America’s biggest sources of highly trained talent, needed to keep our companies on the leading edge, naturally come from the two countries with the largest population. (One can, of course, argue whether it makes sense to use the same fixed quota for China and India as for other much smaller countries.)
In the case with China, the quota is made even more restrictive because the Student Protection Act took away 1000 slots from China every year until all 55,000 have been offset. It will be another 14 years before the green cards for students have been “paid back.”
Consequently, there is a log jam of Chinese with advanced degrees waiting for permanent residency in the US. Because of the offset, the average wait for a Chinese applying for a green card is over three years longer than for any other nationality.
Does it make any sense to make it harder for the professionals we want to keep, to stay in America? China’s economy is on the ascendancy while ours is heading in the opposite direction. Why are we encouraging them to consider taking their talents back to China—or even Canada?
Chinese immigrants have had to face a history of exclusionary discrimination in order to live in America.
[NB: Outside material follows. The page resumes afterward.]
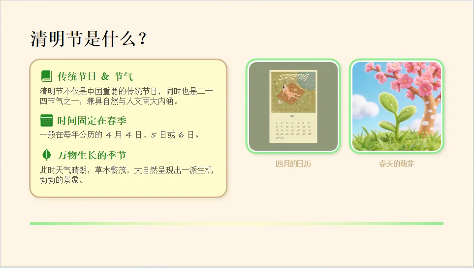 - 观看 PPT 第 3 页:教师引导幼儿了解清明节的时间(4 月 4 日或 5 日)和节气特点(万物复苏)。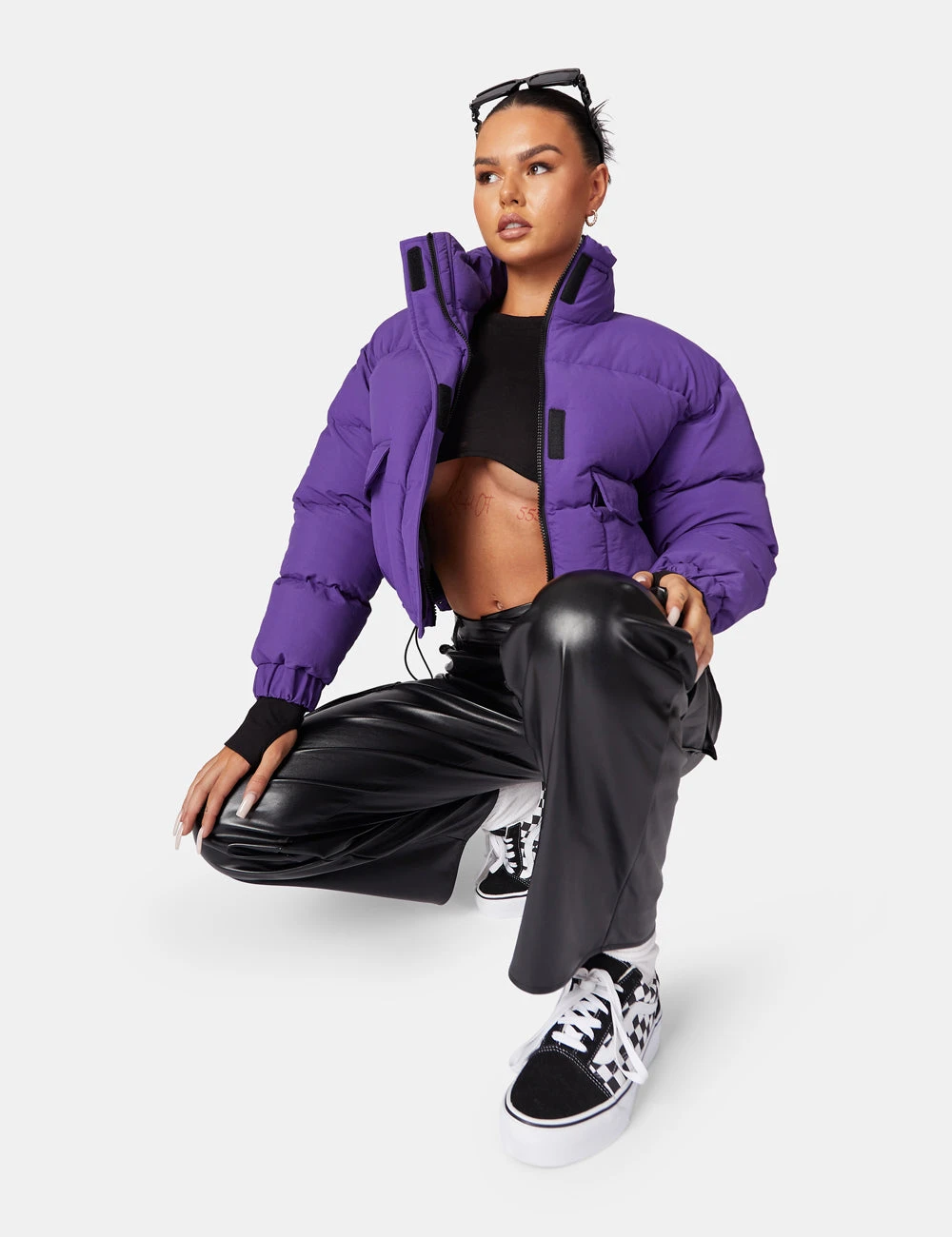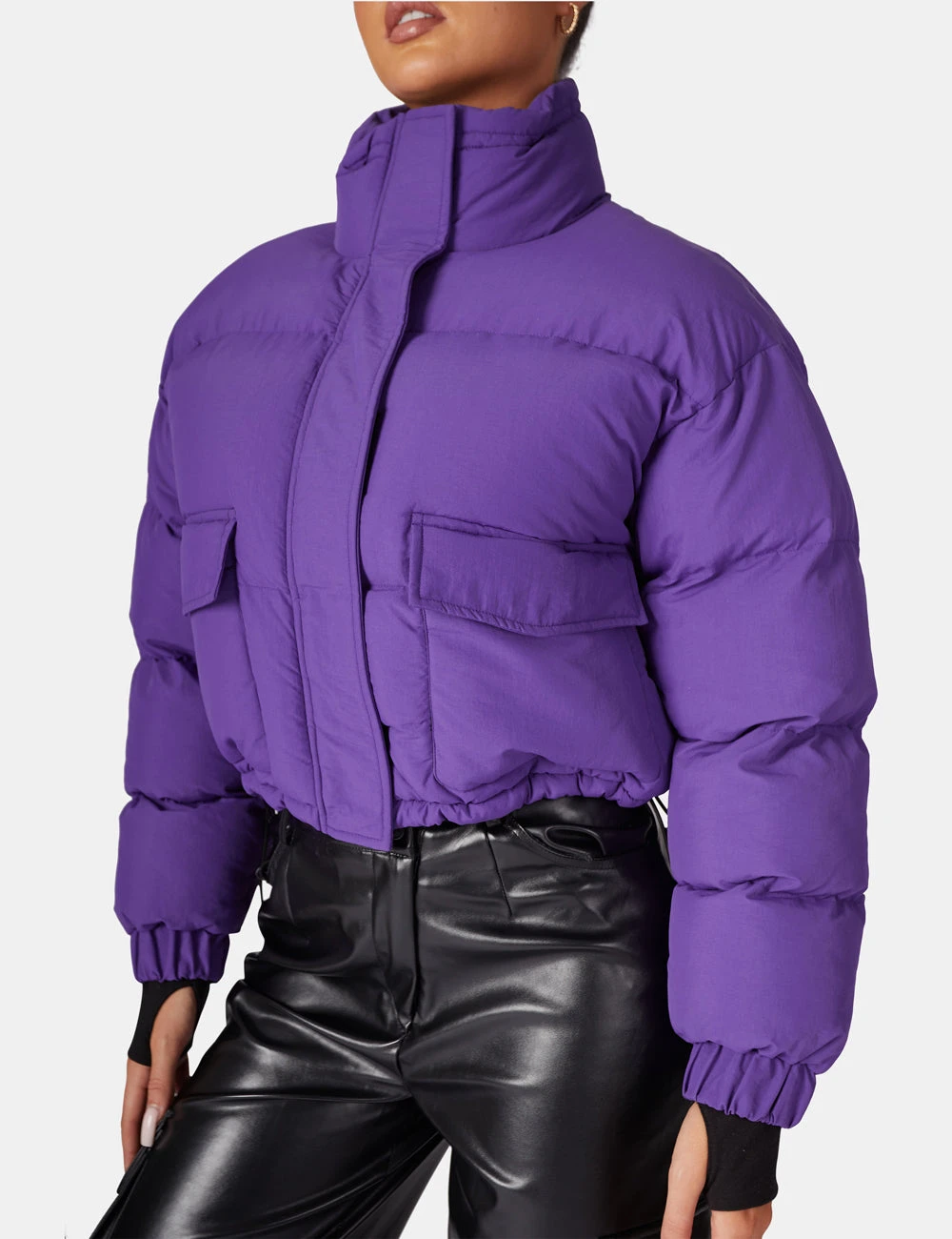 An cropped puffer made with a rich purple material . The model pictured is wearing a UK 8

This obscure provision of the Student Protection Act, which came to light only recently, seems rooted in the same racist mindset.
A group of Chinese professionals in America waiting for their green cards has formed the Legal Immigrant Association to ask Congress to repeal this discriminatory provision of the Chinese Student Protection Act. They are also seeking support from Chinese American communities.
With two prominent Chinese Americans serving in President Obama’s cabinet, it should not be necessary to remind the people of America and members of Congress of the many contributions Chinese Americans have made in America.
This should be the right time to strike another racially discriminatory statute against the Chinese from our laws.